В 1954 году студентов-переводчиков со скандинавских языков решили «переучить» на преподавателей английского языка. Михнову не хотелось возвращаться в школу даже в качестве учителя, и он вознамерился перейти в Театральный институт. Здесь ему сразу же крупно повезло через невезение: на актерский факультет его не зачислили, но зато он стал студентом постановочного факультета и попал в класс театрального режиссера и художника Николая Павловича Акимова. Акимов был одним из немногих в Ленинграде, связанных и со свободой творческого эксперимента 1920-х – начала 1930-х годов (в частности, с традицией ОБЭРИУ), и с современной западной культурой. Год знакомства с Михновым был и в его жизни очень существенным, как, впрочем, и в жизни всей советской страны – ведь шел первый год после смерти Сталина и окончания массовых репрессий. Еще недавно, в 1949-м, Акимова отстранили за «формализм» от руководства Театром комедии. Предложение возглавить постановочный факультет Театрального института стало для него одним из знаков окончания опалы. Акимов щедро делился свободой со своими студентами, позволяя им неформально учиться и общаться, углубляясь в подзапретный «формализм», который оправдывался театральной спецификой школы. Он читал лекции об истории искусства XX века, показывая привезенные из поездок в Европу книги о модернизме. В 1950-е из класса Акимова вышли самые известные ленинградские абстракционисты и сюрреалисты, которые, не задержавшись в театре, сразу же двинулись в неофициальную культуру: Юрий Дышленко, Татьяна Кернер, Виталий Кубасов, Михаил Кулаков, Владимир Михайлов, Алек Раппопорт, Игорь Тюльпанов, Олег Целков. Акимов благоволил Михнову, в котором сразу распознал собрата по цеху. В 1957 году на выставке студенческих произведений в Доме работников искусств Акимов, взглянув на стенд Михнова, сказал: «Я покупаю все… Мы присутствуем при рождении Художника».

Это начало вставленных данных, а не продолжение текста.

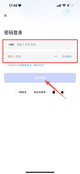 4、在密码登录界面,填写手机号码和密码,点击登录,完成账号登录。
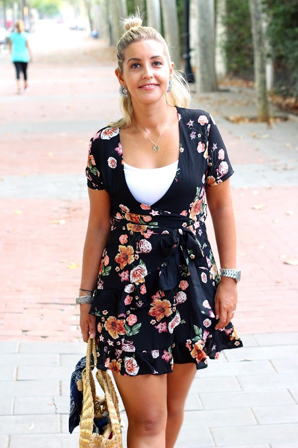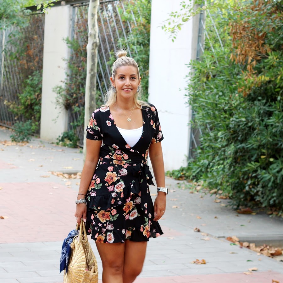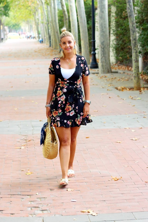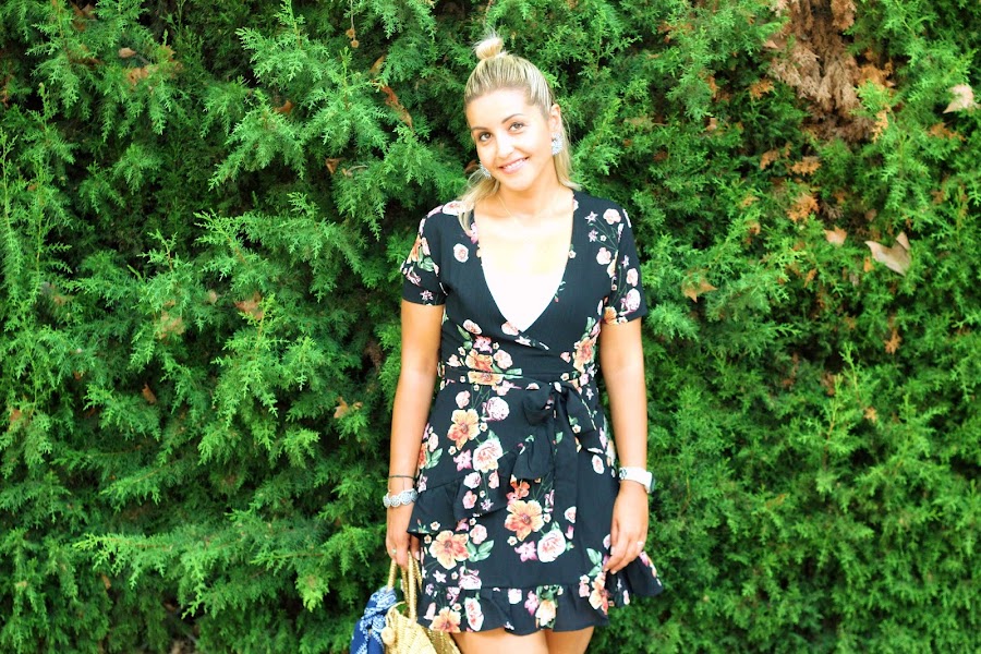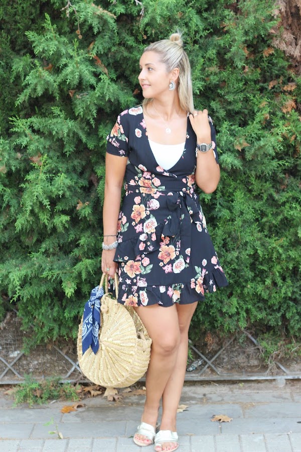 Hoy os traigo un nuevo look super dulce y femenino. En el look de hoy, os enseño mi nuevo vestido cruzado con volantes de Zaful. Me encanta este tipo de vestidos porque me parecen super femeninos. Le añadí un crop top blanco debajo, ya que el escote es demasiado pronunciado. Los accesorios que escogí para el look fueron mi inseparable bolso de rafia redondo y mis nuevas sandalias doradas que encontré super bien de precio en rebajas y me encantaron por el detalle del volante.

Действительно, Михнов словно бы и не был учеником, а дожидался часа и дня, чтобы раскрыть свои дарования. Его время началось во второй половине 1950-х, когда, благодаря общей либерализации советской жизни и заигрываниям с Западом, в искусстве получила свое место «незаконная» абстракция. Ранние фигуративные картины Михнова: сюрреальная Мадонна (ныне – в коллекции Нового музея Аслана Чехоева) или композиция «В городе» (коллекция музея Игоря Маркина Art4ru) свидетельствуют о том, что Михнов пробовал не быть фигуративистом с первых же шагов. События художественной жизни, несомненно, укрепляют его в модернистском выборе. В конце 1953 года в Москве возрождается Музей изобразительных искусств им. А. С. Пушкина (до этого – музей подарков Сталину), где в 1955-м показывают коллекции импрессионизма и постимпрессионизма Ивана Морозова и Сергея Щукина. Другая – более радикальная – часть этих коллекций со следующего года временно экспонируется в Эрмитаже. Вскоре куратор первой экспозиции модернизма на третьем этаже Эрмитажа Антонина Изергина заинтересуется живописью Михнова. В 1956 году идет выставка Пикассо: в октябре в ГМИИ, в декабре в Эрмитаже. В Ленинграде это событие вызывает стихийные митинги молодежи на Площади искусств. Наконец, в июле 1957 года в Москву на Всемирный фестиваль молодежи и студентов привозят выставку современной модернистской живописи, в том числе абстракции. Здесь, прямо в ЦПКиО им. Горького, показывают сеансы свободных живописных импровизаций, устраивается конкурс, где каждый может попробовать свои силы. Золотую медаль международной мастерской пластических искусств Давид Сикейрос, легендарный мексиканский живописец, присуждает Анатолию Звереву, никому не известному московскому экспрессионисту-самоучке, который работал маляром – красил заборы.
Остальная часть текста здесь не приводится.